Responsibilities & Duties
1. Architecting the Core Intelligence Logic :
- Design Multi-Signal Detection Frameworks : Develop the mathematical and logical models that determine "idleness" by synthesizing data from CPU, network throughput, disk I/O, and memory.
- Establish Confidence Scoring : Create the scoring engine that weighs different signals to produce a "remediation confidence" percentage, ensuring the system only acts when data is conclusive.

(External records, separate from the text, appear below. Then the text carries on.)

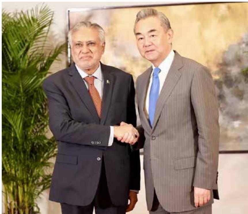
HONG KONG: DPM Ishaq Dar meets Foreign Minister Wang Yi in Hong Kong within a span of 10 days. Congratulated him on successful signing ceremony of the Convention establishing International Organization for Mediation (IOMed), a groundbreaking initiative by China with transformational impact. — DNA
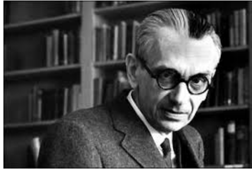
Figure 3: Kurt Gödel, Brno, 28 April 1906 – Princeton, 14 January 1978
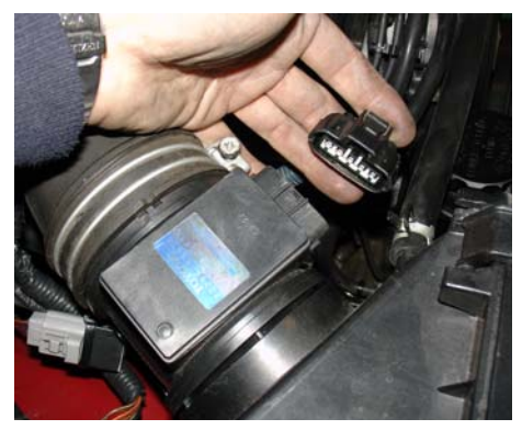
Disconnect sensor harness from the mass air flow sensor as shown above.
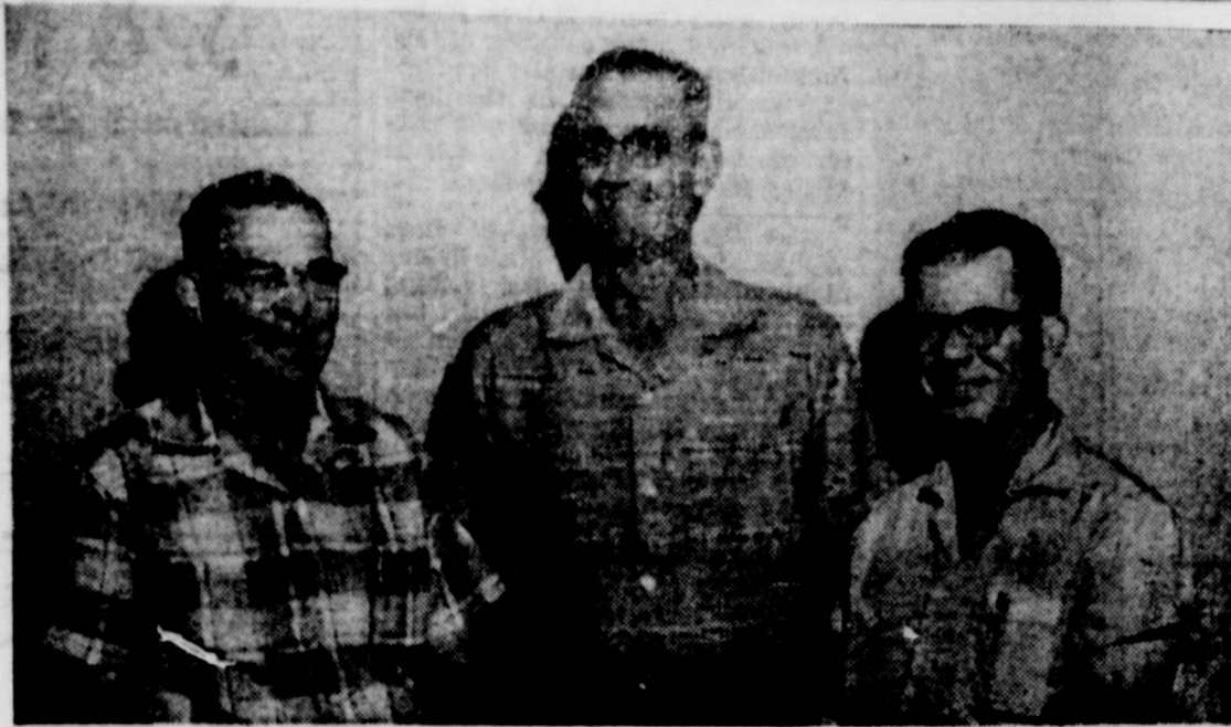
NEW C-C OFFICERS... Officers of the Chamber of Commerce who took over at the first annual chamber banquet held here Friday night of last week.
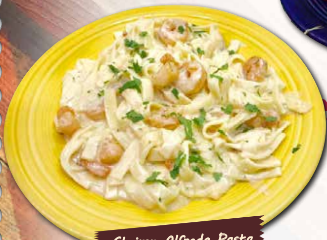
Shrimp Alfredo Pasta
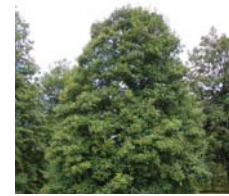
American Holly, Ilex opaca
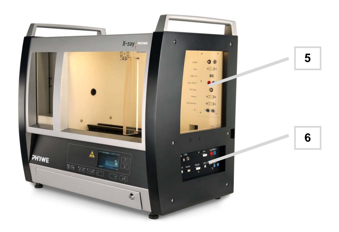
Fig. 3: View from the right side XR 4.0 X-ray expert unit (09057-99)
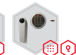
Electronic lock with mechanical emergency
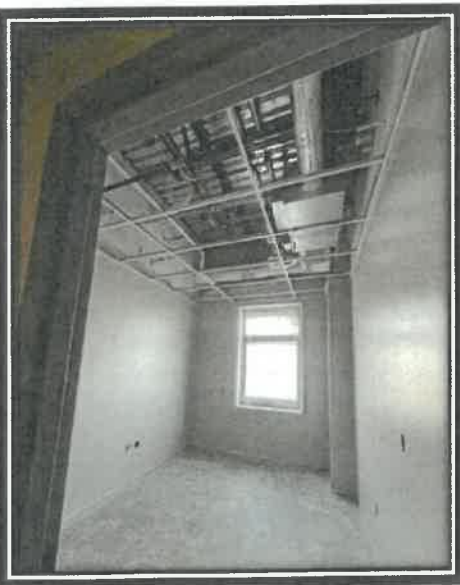
25.11.25 - Administrative Offices
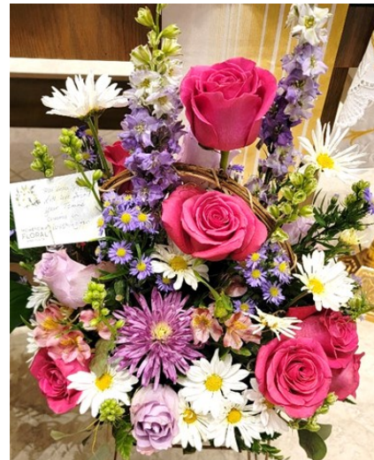
Your Temme cousins in Washington
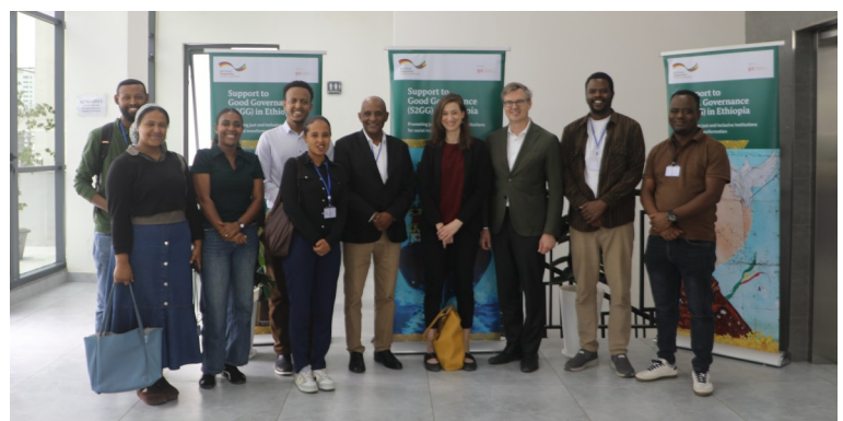
Photo 1: Participants of the DEOW system training in April 2026. This group includes GIZ & CECOE staff who have shaped the digital platform's development since Day 1.

The S2GG programme is implemented by the Deutsche Gesellschaft für Internationale Zusammenarbeit (GIZ) on behalf of the German Federal Ministry for Economic Cooperation and Development (BMZ). The programme aims to gear the Ethiopian governance system towards the transformation into a democratic and inclusive state based on the rule of law.
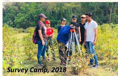
Survey Camp, 2018
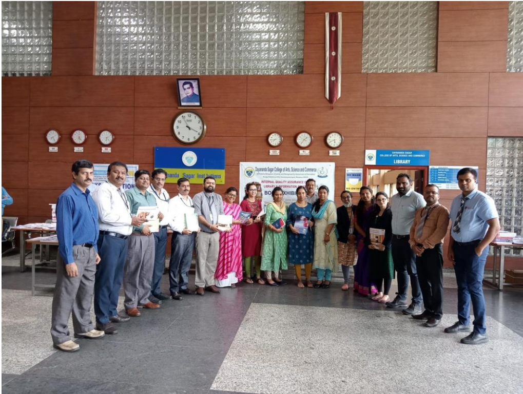
Faculty group Photo during the Books Exhibition

2. Risk Modeling & Operational Guardrails :
- Define Environment Risk Tiers : Establish distinct "Rules of Engagement" for different environment types (Sandbox, Dev, Staging, and Production) to ensure safety.
- Set Automation Boundaries : Design the "Hard Stop" logicidentifying specific conditions where the system should pause and escalate for human approval rather than proceeding with automated remediation.
3. Strategic System Design & Telemetry :
- Specify Telemetry Requirements : Define exactly which metrics (from CloudWatch, Flow Logs, etc.) the engineering team needs to ingest to enable high-fidelity decision-making.
- Bridge Product & Engineering : Translate high-level business goals (e.g., "reduce spend by 20%") into technical logic requirements that the engineering team can build and scale.
- Advise on Multi-Account Strategy : Architect how the intelligence layer should behave across complex AWS Organizations and cross-account IAM roles.
4. Explainability & Decision Transparency :
- Design the "Evidence Chain" : Define the specific data points required to justify every decision. Ensure that when a resource is flagged, the system provides a human-readable "Why."
5. Edge Case Engineering & Validation :
- Scenario Modeling : Develop logic to handle "noisy" infrastructure, including Auto Scaling Groups (ASGs), ephemeral workloads, and EFS-backed instances that appear idle but are mission-critical.
- False Positive Reduction : Continuously analyze system outputs to identify patterns that lead to false positives (e.g., monthly cron jobs or quarterly backups) and refine the detection models accordingly.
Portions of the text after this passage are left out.